Here is the place to mention a fact which, though at first sight it
may appear to have only a social interest, yet bears on the
development of mythology. Property and rank seem to have been
essential to each other in the making of social rank, and where one
is absent among contemporary savages, there we do not find the
other. As an example of this, we might take the case of two
peoples who, like the Homeric Ethiopians, are the outermost of men,
and dwell far apart at the ends of the world. The Eskimos and the
Fuegians, at the extreme north and south of the American continent,
agree in having little or no private property and no chiefs. Yet
magic is providing a kind of basis of rank. The bleak plains of
ice and rock are, like Attica, "the mother of men without master or
lord". Among the "house-mates" of the smaller settlements there is
no head-man, and in the larger gatherings Dr. Rink says that "still
less than among the house-mates was any one belonging to such a
place to be considered a chief". The songs and stories of the
Eskimo contain the praises of men who have risen up and killed any
usurper who tried to be a ruler over his "place-mates". No one
could possibly establish any authority on the basis of property,
because "superfluous property, implements, etc., rarely existed".
If there are three boats in one household, one of the boats is
"borrowed" by the community, and reverts to the general fund.
If we look at the account of the Fuegians described in Admiral
Fitzroy's cruise, we find a similar absence of rank produced by
similar causes. "The perfect equality among the individuals
composing the tribes must for a long time retard their
civilisation. . . . At present even a piece of cloth is torn in
shreds and distributed, and no one individual becomes richer than
another. On the other hand, it is difficult to understand how a
chief can arise till there is property of some sort by which he
might manifest and still increase his authority." In the same
book, however, we get a glimpse of one means by which authority can
be exercised. "The doctor-wizard of each party has much influence
over his companions." Among the Eskimos this element in the growth
of authority also exists. A class of wizards called Angakut have
power to cause fine weather, and, by the gift of second-sight and
magical practices, can detect crimes, so that they necessarily
become a kind of civil magistrates.
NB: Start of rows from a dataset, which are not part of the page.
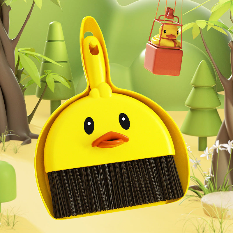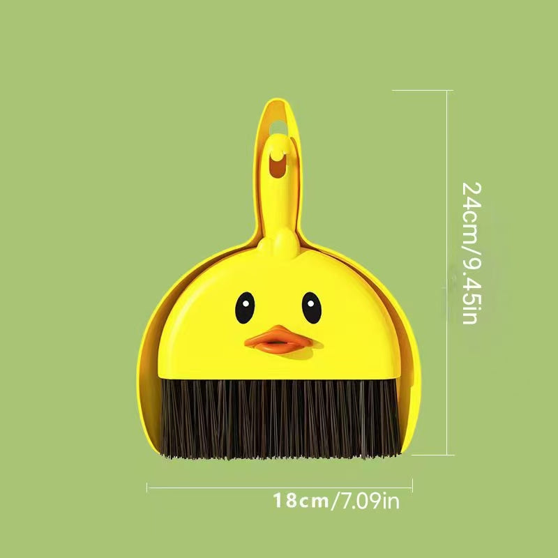 طقم مكنسة ومجرود مصغّر بتصميم بطة كرتونية لطيفة، مناسب لتنظيف الأسطح الصغيرة بسرعة وسهولة. يستخدم على المكاتب، طاولات المكياج، المطبخ، السيارة أو أي مساحة تحتاج تنظيف فوري بدون مجهود. خفيف، عملي وسهل التخزين.
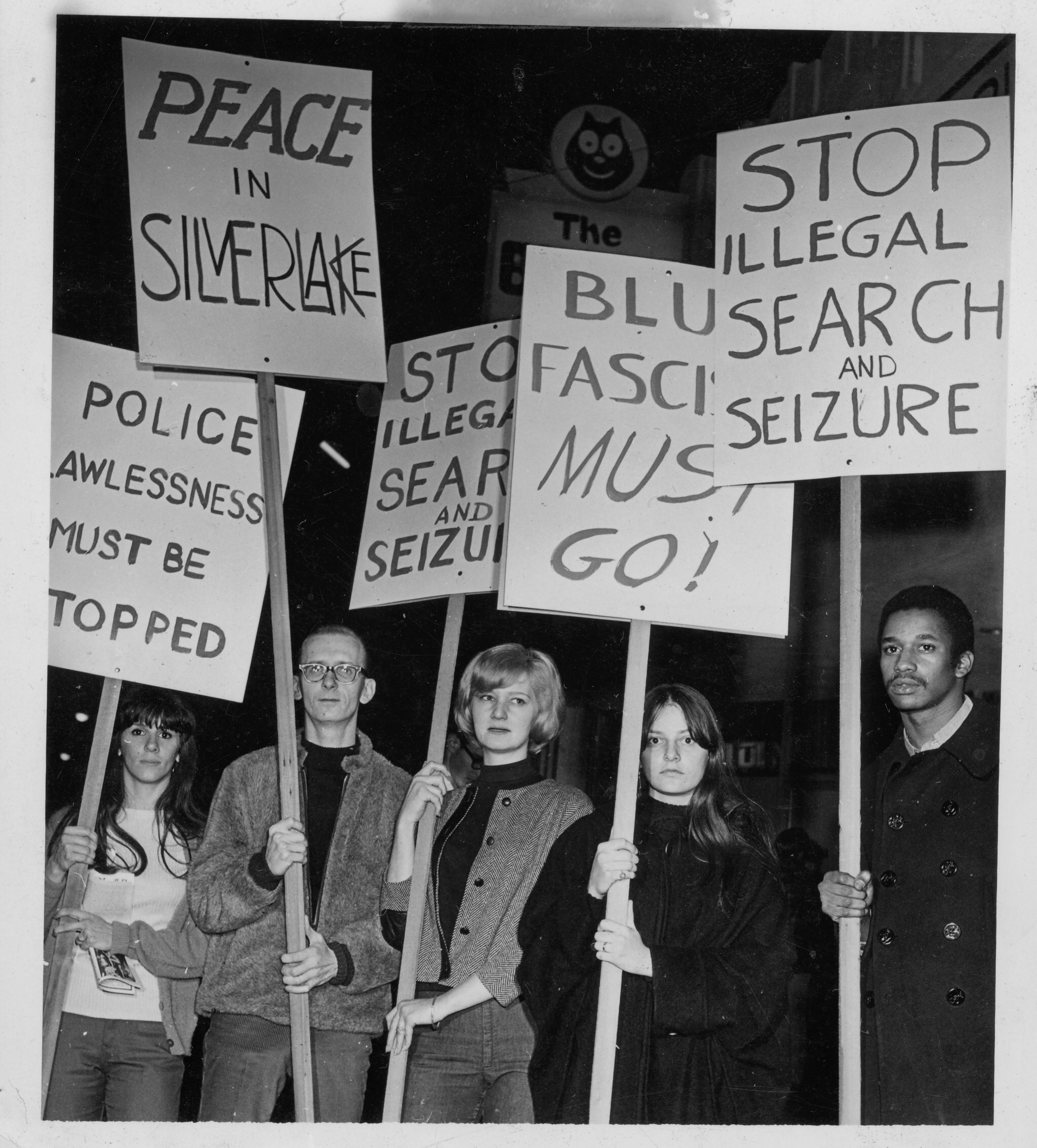 Other Silver Lake gay bars, including New Faces, a few doors down, were targeted the same evening. Two years before the Stonewall uprising, more than 200 people came together outside the Black Cat for one of the earliest U.S. LGBTQ-rights demonstrations. Picketers gathered on February 11, 1967, to peacefully protest the police raids that had been conducted weeks before. Alexei Romanoff, a former owner of New Faces, describes the Black Cat demonstration as a turning point. During a time in which homosexuality was illegal in most states, LGBTQ people developed elaborate codes and survival strategies to avoid arrest. But that February night, Romanoff says, the community stood up and fought back.
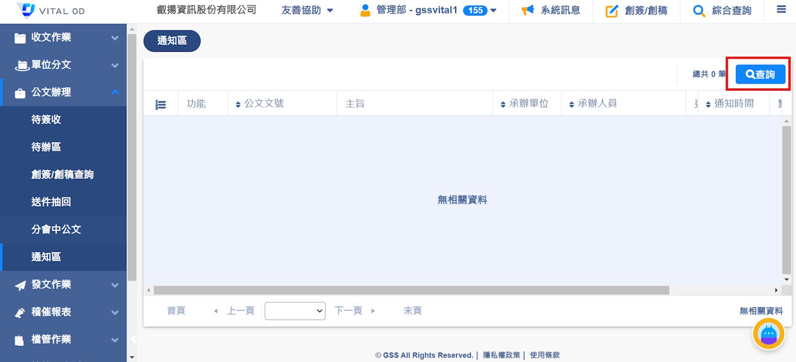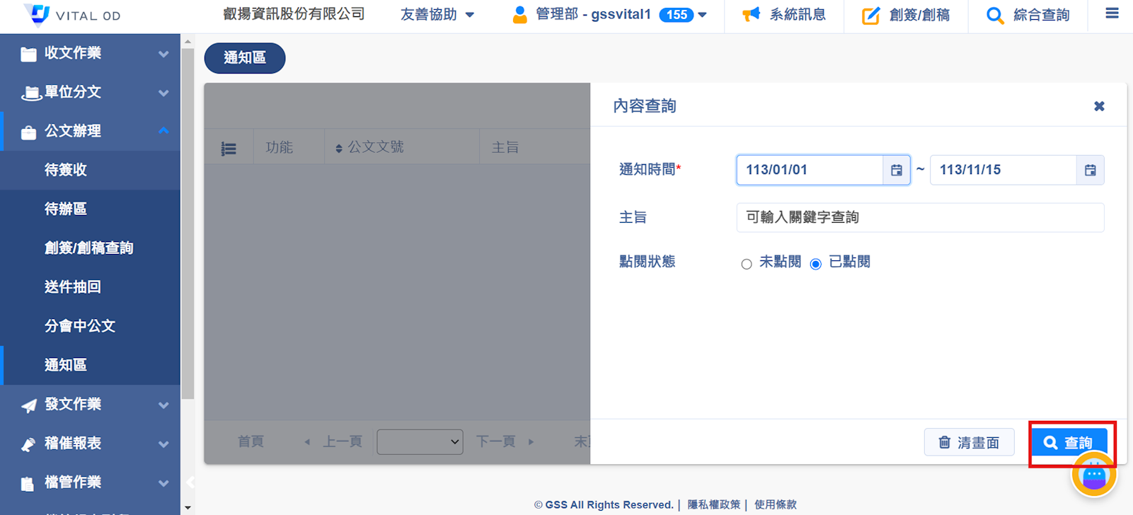 輸入搜尋條件並選擇是否已點閱後,按【查詢】
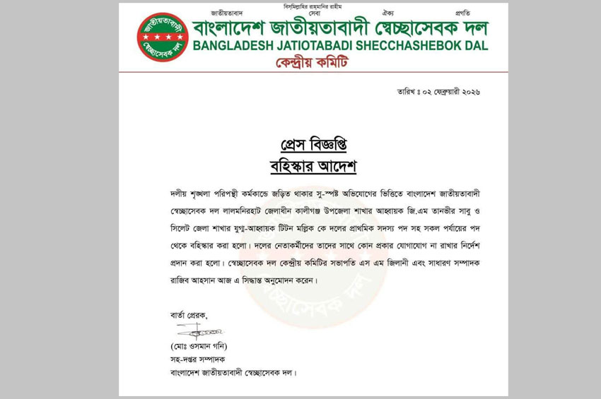 সিলেট জেলা স্বেচ্ছাসেবক দল নেতা বহিষ্কার
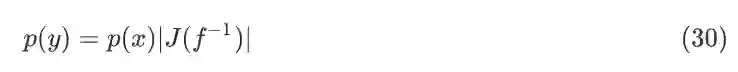 其中,p(y) 是 y 的分布,p(x) 是 x 的分布,这里 y=f(x),J 是指雅可比矩阵,即多元函数一阶导数矩阵。

These Angekkok or Angakut have
familiar spirits called Torngak, a word connected with the name of
their chief spiritual being, Torngarsak. The Torngak is commonly
the ghost of a deceased parent of the sorcerer. "These men," says
Egede, "are held in great honour and esteem among this stupid and
ignorant nation, insomuch that nobody dare ever refuse the
strictest obedience when they command him in the name of
Torngarsak." The importance and actual existence of belief in
magic has thus been attested by the evidence of institutions, even
among Australians, Fuegians and Eskimos.

It is now necessary to pass from examples of tribes who have
superstitious respect for certain individuals, but who have no
property and no chiefs, to peoples who exhibit the phenomenon of
superstitious reverence attached to wealthy rulers or to judges.
To take the example of Ireland, as described in the Senchus Mor, we
learn that the chiefs, just like the Angakut of the Eskimos, had
"power to make fair or foul weather" in the literal sense of the
words.[1] In Africa, in the same way, as Bosman, the old traveller,
says, "As to what difference there is between one negro and another,
the richest man is the most honoured," yet the most honoured man has
the same magical power as the poor Angakuts of the Eskimos.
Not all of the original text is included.